Кононов остается с ними и рассказывает о городе. Партизаны слушают с жадностью.

 

5. Всем… всем… всем…

Чак-чак… – по ремню и магазинной коробке винтовок, руки цепко на караул. Два партизана в улах, гимнастерках с патронташами на поясах стоят на вытяжку у входа на станцию Свиягино.

Яркое утреннее солнце в просветах тополей аллеи.

Снегуровский с лошади – повод ординарцу Солодкому:

– Ни шагу отсюда, чтобы ни случилось! – твердо ему и быстро по аллее к станции с Иваном Шевченко.

Мимо часовых:

– Хорошо, ребята, показывай Америке, пусть нос не дерут: хоть и лапотники, а порядок знаем.

– На ять, товарищ Снегуровский! – один из часовых весело…

Входят в телеграф.

– Товарищ Снегуровский, провод готов!.. – Кравченко, свой телеграфист, тоже партизан, сидит на ключе и выстукивает:

«…всем… всем… всем…»

– Кто слушает? – Снегуровский сел на стол, вынул браунинг…

Бледный начальник трясущейся челюстью:

– Прикажете нам уйти?

– Нет уж, лучше побудьте здесь… – Шевченко смеется…

«…слушаю… Евгеньевка, Никольск… Владивосток…» – читает по ленте Кравченко… Перерыв… A-а… Вот и север: «Иман… Битин… Хабаровск…». – Хорошо! – Снегуровский закуривает.

– … Товарищи и братья!.. – начинает диктовать.

 

6. Телеграфист…

«Товарищи и братья! Именем мировой пролетарской революции…» идет по ленте.

У телеграфиста под фуражкой волосы зашевелились: громом по ленте старые и опять такие новые слова…

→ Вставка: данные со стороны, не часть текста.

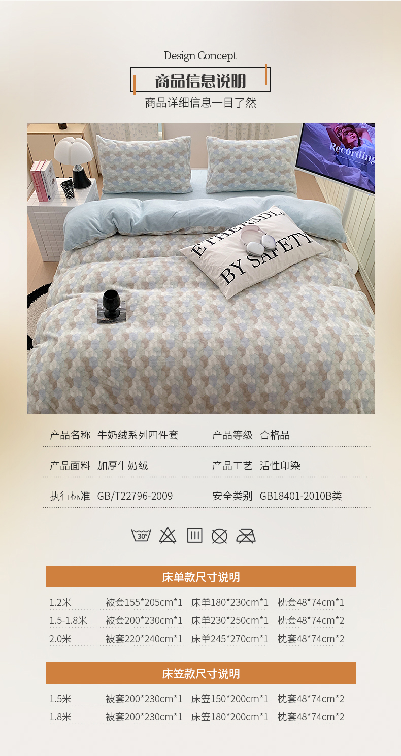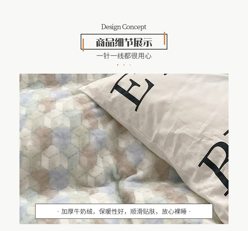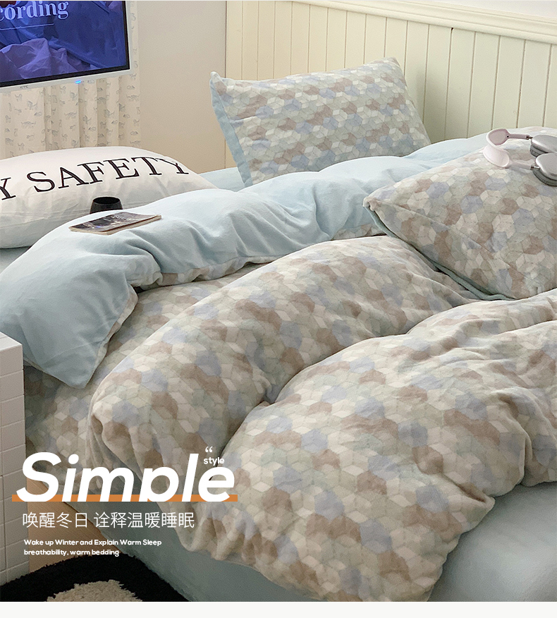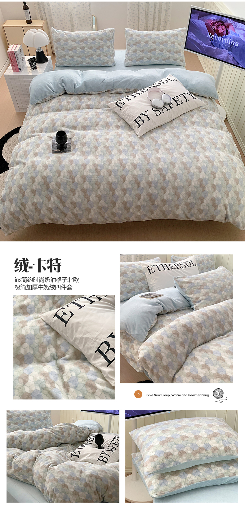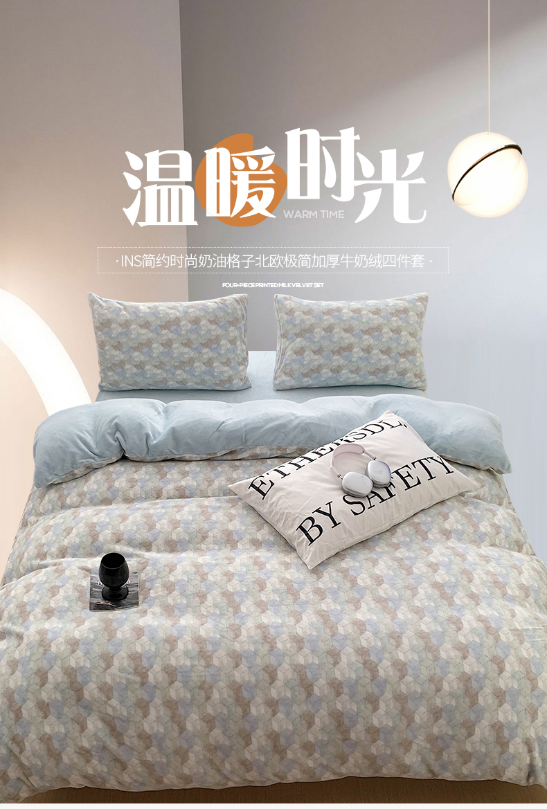 商品名称:桃子家居 2023新款ins简约时尚奶油格子北欧极简加厚牛奶绒四件套 卡特

Телеграфист Иванов не выдерживает – перебивает ключом и отстукивает:

– Вы с ума сошли на Свиягино?

А оттуда:

…– Начальник боевого участка партизанских отрядов Яковлевского повстанческого округа Снегуровский приказывает принимать…

И идет лента – замер, оцепенел телеграфист Иванов. Под шапкой шевелятся волосы, глаза в разгон: направо – японский телеграфист контролирует ленты, налево – стрепаловский контрразведчик из Спасского гарнизона.

А солнце, издеваясь над желтыми кантами фуражки телеграфиста, бьет по лакированным плоскостям аппарата и четко выделяет на ленте черточки и точки.

И кажется телеграфисту, что все эти знаки горят аршинными афишными буквами и видят их все и читают: «…Уссурийское казачество! К тебе восставшие крестьяне Приморской тайги шлют боевой клич и призыв…».

Ах, как жгут эти слова… и телеграфисту Иванову хочется их читать и впитывать в себя… Он в ужасе: если откроют, тут же на месте заколют… Но он решает принимать… не доносить, будь, что будет…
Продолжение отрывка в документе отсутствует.